Virtual Alanine Scan of the Main Protease Active Site in Severe Acute Respiratory Syndrome Coronavirus 2

• Published in: International journal of molecular sciences Vol. 22; no. 18; p. 9837
• Main Authors: Nakayoshi, Tomoki, Kato, Koichi, Kurimoto, Eiji, Oda, Akifumi
• Format: Journal Article
• Language: English
• Published: Basel MDPI AG 11.09.2021; MDPI
• Subjects: Alanine; Chemical compounds; Coronaviruses; COVID-19; Drug resistance; main protease; Molecular dynamics; molecular dynamics simulation; Mutants; Mutation; Pharmacology; Protease; Protein structure; Proteinase; Proteins; Residues; Respiratory diseases; Severe acute respiratory syndrome coronavirus 2; Therapeutic targets; virtual alanine scan
• ISSN: 1422-0067; 1661-6596; 1422-0067
• DOI: 10.3390/ijms22189837

Recently, inhibitors of the severe acute respiratory syndrome coronavirus 2 (SARS-CoV-2) main protease (Mpro) have been proposed as potential therapeutic agents for COVID-19. Studying effects of amino acid mutations in the conformation of drug targets is necessary for anticipating drug resistance.

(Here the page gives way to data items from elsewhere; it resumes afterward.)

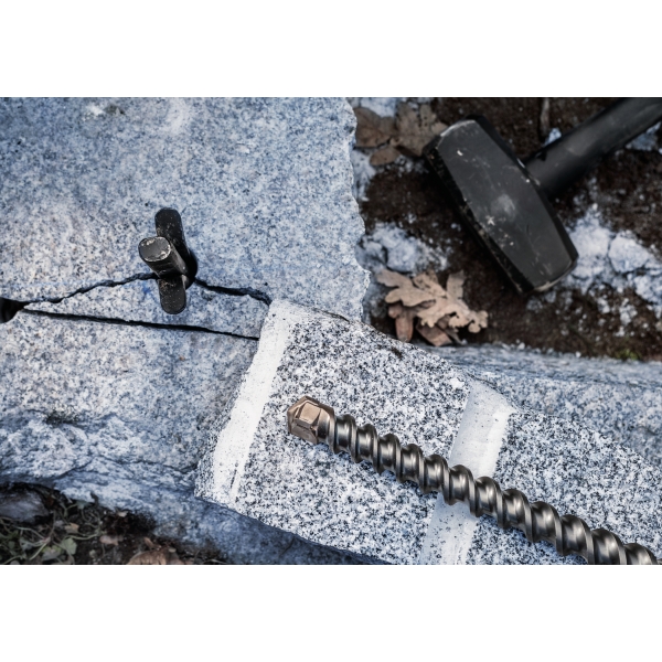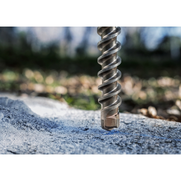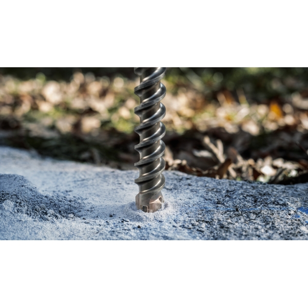 Burghiul PRO SDS max Natural Stone perforeaza materialul cu doua muchii taietoare principale si doua stifturi de baza laterale din carburi de inalta calitate. Acest lucru inseamna ca burghiul va aborda cu usurinta pietrele naturale si va rezista la uzura pentru o lunga perioada de timp. Canelurile sale au un design special pentru a reduce vibratiile si a indeparta praful in mod eficient.
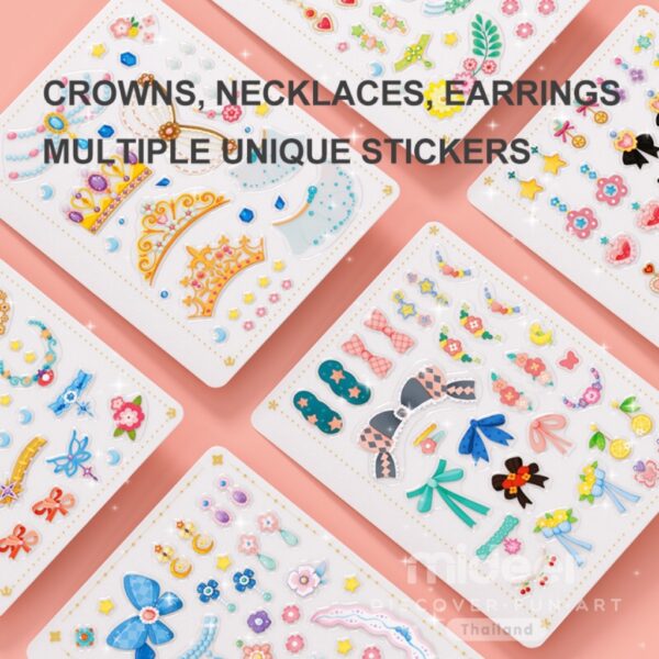 สามารถตัดกระดาษสติ๊กเกอร์ตามแม่แบบ แล้วนำมาติดที่ตัวเจ้าหญิงได้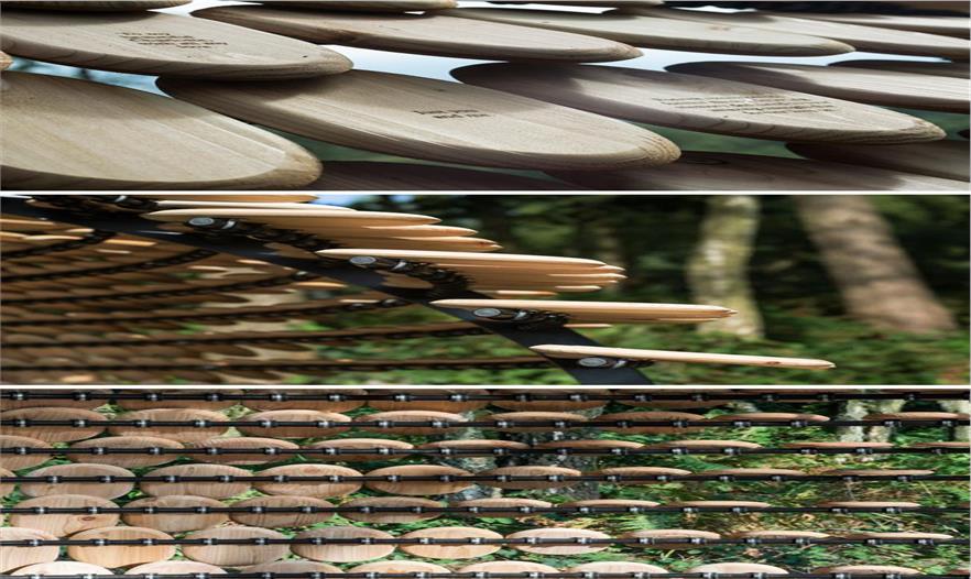 人們銘記公共空間和樹木的語句激發(fā)了設(shè)計(jì)師的靈感,讓雪松木瓦展現(xiàn)出詩意,雕刻當(dāng)?shù)貙W(xué)校、居民和其他捐助者傳達(dá)愛的信息和語句。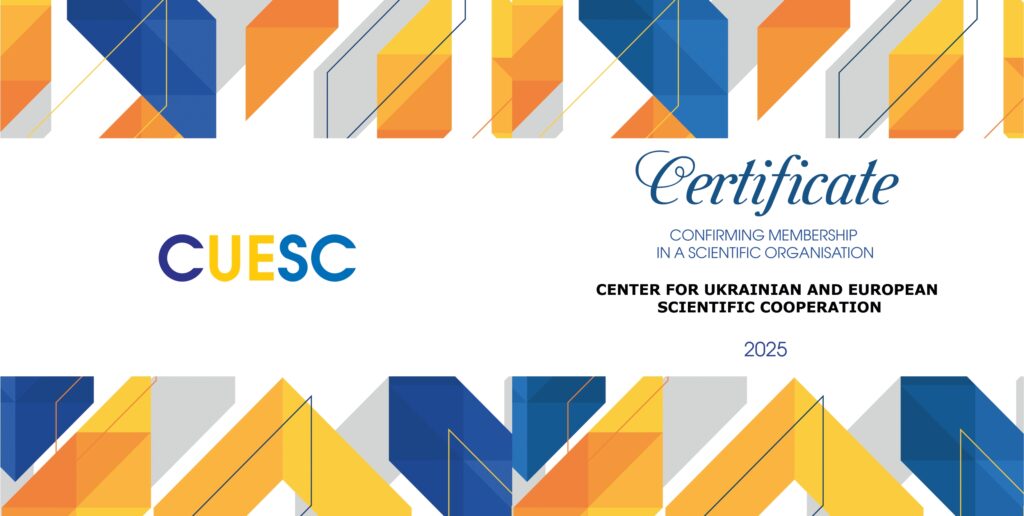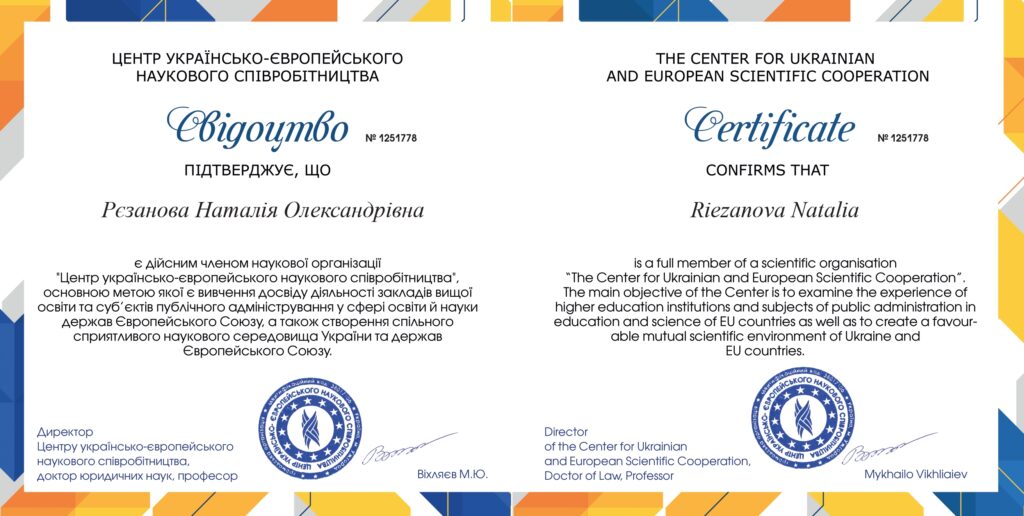 Доцент кафедри “Політологія та загальноправові дисципліни”, кандидат філософських наук, доцент РЄЗАНОВА Наталія отримала свідоцтво, що підтверджує її членство в науковій організації “Центр українсько-європейського наукового співробітництва”, основною метою якої є вивчення досвіду діяльності закладів вищої освіти та суб’єктів публічного адміністрування у сфері освіти й науки держав Європейського Союзу, а також створення спільного сприятливого наукового середовища України та держав Європейського Союзу.

In this study, with the structure of the SARS-CoV-2 Mpro complexed with a non-covalent inhibitor, we performed molecular dynamics (MD) simulations to determine the conformation of the complex when single amino acid residue in the active site is mutated. As a model of amino acid mutation, we constructed mutant proteins with one residue in the active site mutated to alanine. This method is called virtual alanine scan. The results of the MD simulations showed that the conformation and configuration of the ligand was changed for mutants H163A and E166A, although the structure of the whole protein and of the catalytic dyad did not change significantly, suggesting that mutations in His163 and Glu166 may be linked to drug resistance.